A midwife often sees the real problems of the women

Mothers in Site Two have many social problems. After all the years of war, there are more women than men, and men often take second or third wives. I have seen many men who have taken a new wife before their child is one year old or even when their wife is pregnant.

The poorer women may try to make money in the market by making small rice cakes to sell, or they may go outside the camp to gather fire wood for sale. I have seen these mothers often tired and angry with their children. In the evenings, these families go to sleep very early, not only to save kerosene, but because there is nothing to do. Social occasions are non-existent, even for the Khmer New Year or the festival that remembers ancestors. The poor must stay at home; they have no money to buy special clothes or food to offer to the monks.

Most of the husbands are soldiers, and they are among the poorest in the camp. They often have more problems because of this. Often a husband fighting inside Cambodia is not able to come home to be with his wife during delivery. Some of the mothers have relatives who could help them, but a large percentage are alone. While they are in the hospital, they worry about who will take care of the house. Usually the other children must come to stay in the hospital and share the mother's food.

Some of the soldiers have problems when they come back from Cambodia. Because of the stress they have suffered, they may drink a lot or gamble. Many of them go to the taxi girls (prostitutes), despite the great danger of sexually transmitted diseases (STDs).

Taxi girls in Site Two are mostly women with very little education. Some of them became taxi girls because they were raped during the dangerous journey to the border. Some were raped as young girls by the second or third husband of their mother. Sometimes the reason is poverty. Sometimes they were abandoned by a husband who took a second or third wife.

We began to take a special interest in the taxi girls after we noticed that in the OB ward and the rest of the hospital, there was an increasing number of patients with STDs. When we tried to trace contacts for treatment, many patients admitted they had been to the taxi girls. We decided to make a special effort to reach them and offer confidential help and treatment.

We started by being introduced by one of the women to some of her friends who were involved in the same business. When we visited their place of work, they all seemed eager to talk and also to listen to what we had to say. We used simple pictures to show the cause of STDs and their effects and treatment. We discussed prevention and offered a supply of condoms plus regular medical check-ups at our outpatient department. It is difficult to persuade taxi girls to keep attending check-ups. They have lost their self-esteem and place little value on the health of their own bodies.

The obstetric ward also has become a center or place of refuge for women with marital or family problems. We accept women who have been beaten by their husbands, women who have been raped or are suspected of being raped and women who have other problems in the community.

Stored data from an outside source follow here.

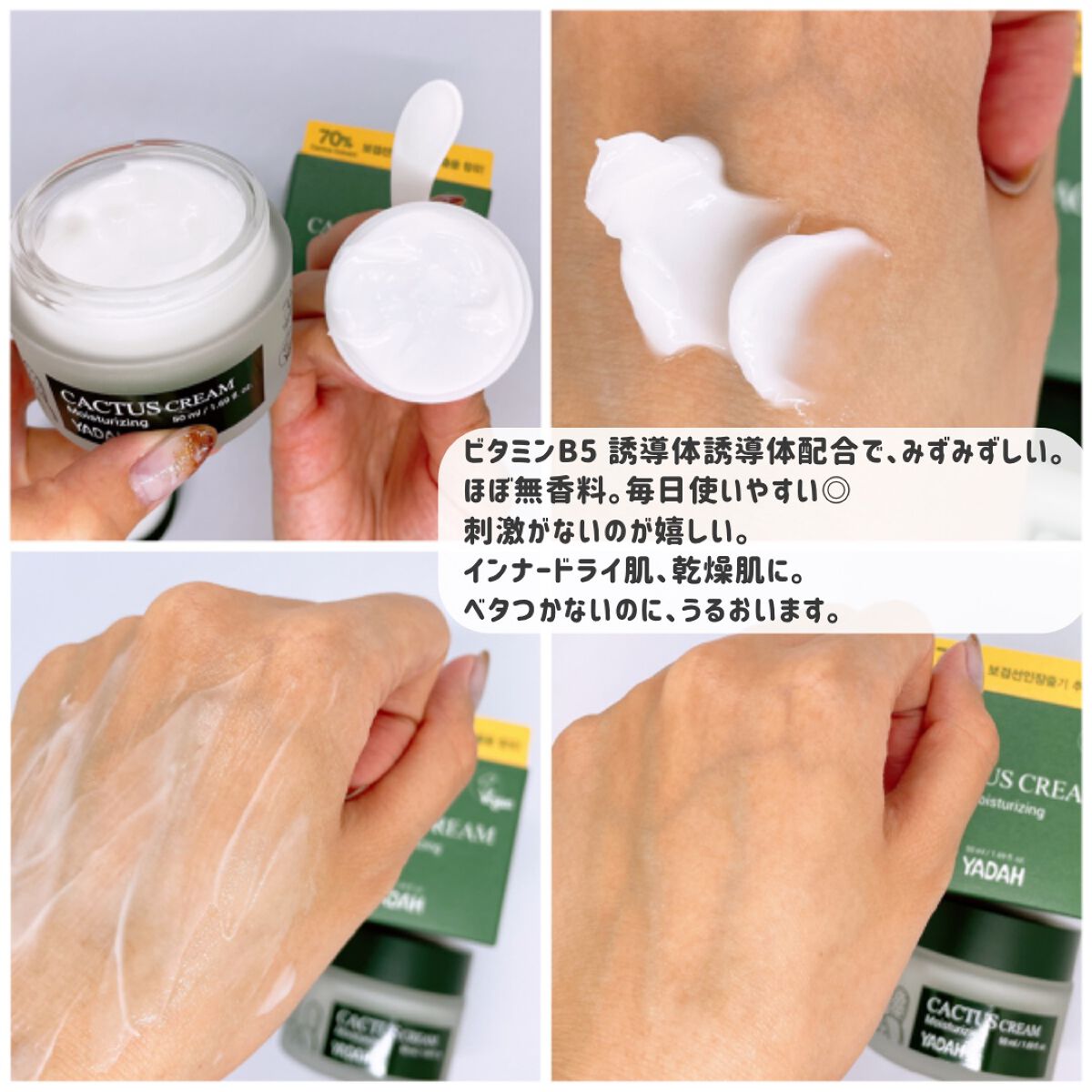 ☑︎サボテンエキス70%配合 ☑︎肌に優しい28種類の成分のみ配合 ☑︎肌バリア機能を高めてくれるパンテノール配合 ☑︎保湿と鎮静ケアを両立させたみずみずしいテクスチャーのクリーム ベタつきもなく、パンテノール配合で敏感なときにでも使いやすいので、肌質、季節問わず使えそうなクリーム🌵 こちらはほんのり香りがついていましたが、気にならない程度でした♪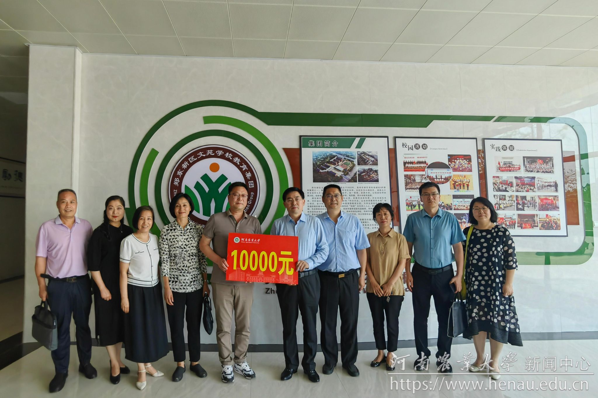 为加强与龙子湖校区周边中学和幼儿园的联系,切实帮助解决我校职工子女就近入学、入托问题,校领导、校办、校工会负责同志一行到郑东新区文苑学校、河南省第二实验中学、龙子湖幼儿园进行走访慰问,与郑东新区文苑学校教育集团总校长李永强等领导就开展校际共建合作进行了深入交流,向小朋友们送去节日的祝福和慰问金,向辛勤工作的教师们表示衷心的感谢。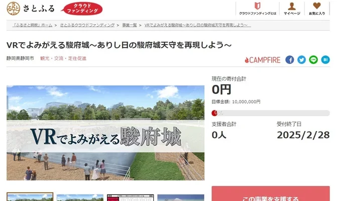 株式会社さとふる 静岡県静岡市とふるさと納税ポータルサイト「さとふる」を運営する株式会社さとふる(本社:東京都中央区、代表取締役社長 兼 CEO:藤井 宏明)は、「さとふるクラウドファンディング」にて、「VRでよみがえる…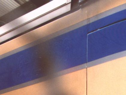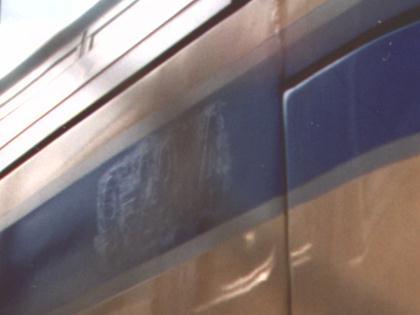 この時、確認できた廃車車両は3台でした。もう1台は9−2363の前におり、番号が確認できませんでした。 下の2枚の写真は番号をペンキで塗りつぶした様子を撮影したものです。真ん中の写真は少々わかりにくいですが、3枚目の写真では「9−2364」がある程度読みとれるのではないかなと思います。 ちなみに、これらの車両の車内吊り広告は掲載されたままでした。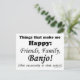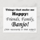 Things that make me happy: Family, Friends, Banjo! (Not necessarily in that order!) What makes you most happy? For some people, it is music, whether it is playing an instrument, singing, or listening to music.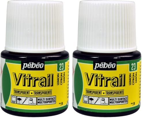 PEBEO - Peinture Vitrail Transparent 45ml Couleur Citron – Peinture sur Verre Jaune Vif à Base de Solvant, Finition Brillante (Lot de 2)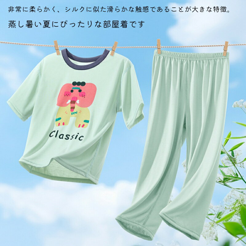 【ポイント10倍!3/4 20:00〜3/11 1:59】 パジャマ 上下セット 子供 男の子 女の子 100cm~170cm 半袖トップス 長ズボン テンセル素材 春 夏 秋 ナイトウェア 部屋着 ルームウェア 涼しい 柔らか ひんやり 通気 柔らか 快適 男児 女児 ユニセックス 男女兼用 姉妹揃い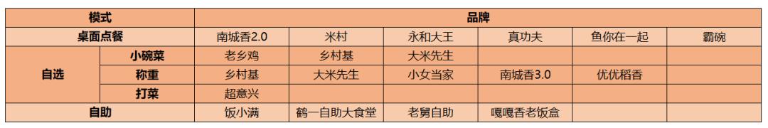 2.自选模式自选模式分为三类,分别是以老乡鸡和乡村基为代表的小碗菜模式,以大米先生、小女当家为代表的称重模式,和以超意兴为代表的餐线打菜模式。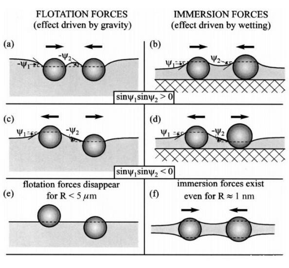 这里写的也比较清楚,漂浮颗粒之间的毛细作用由重力引起,其他的情况则是由颗粒的浸润性导致。如果有人还有疑问的话,欢迎留言讨论。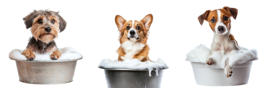Set of cute bathing dogs sitting in basin with foam isolated on transparent background PNG

We can work for vulnerable groups of Khmer women because the Khmer midwives understand their lives. We help with family planning, we help with family problems. We are interested in the whole lives of our patients.

Thank you for listening to our story, and I hope you will visit us one day in Site Two or in Cambodia.

Excerpted from a talk delivered by Chan Theary, a resident of Site Two in the Thai-Cambodia border, at the Never Ending Journey Conference.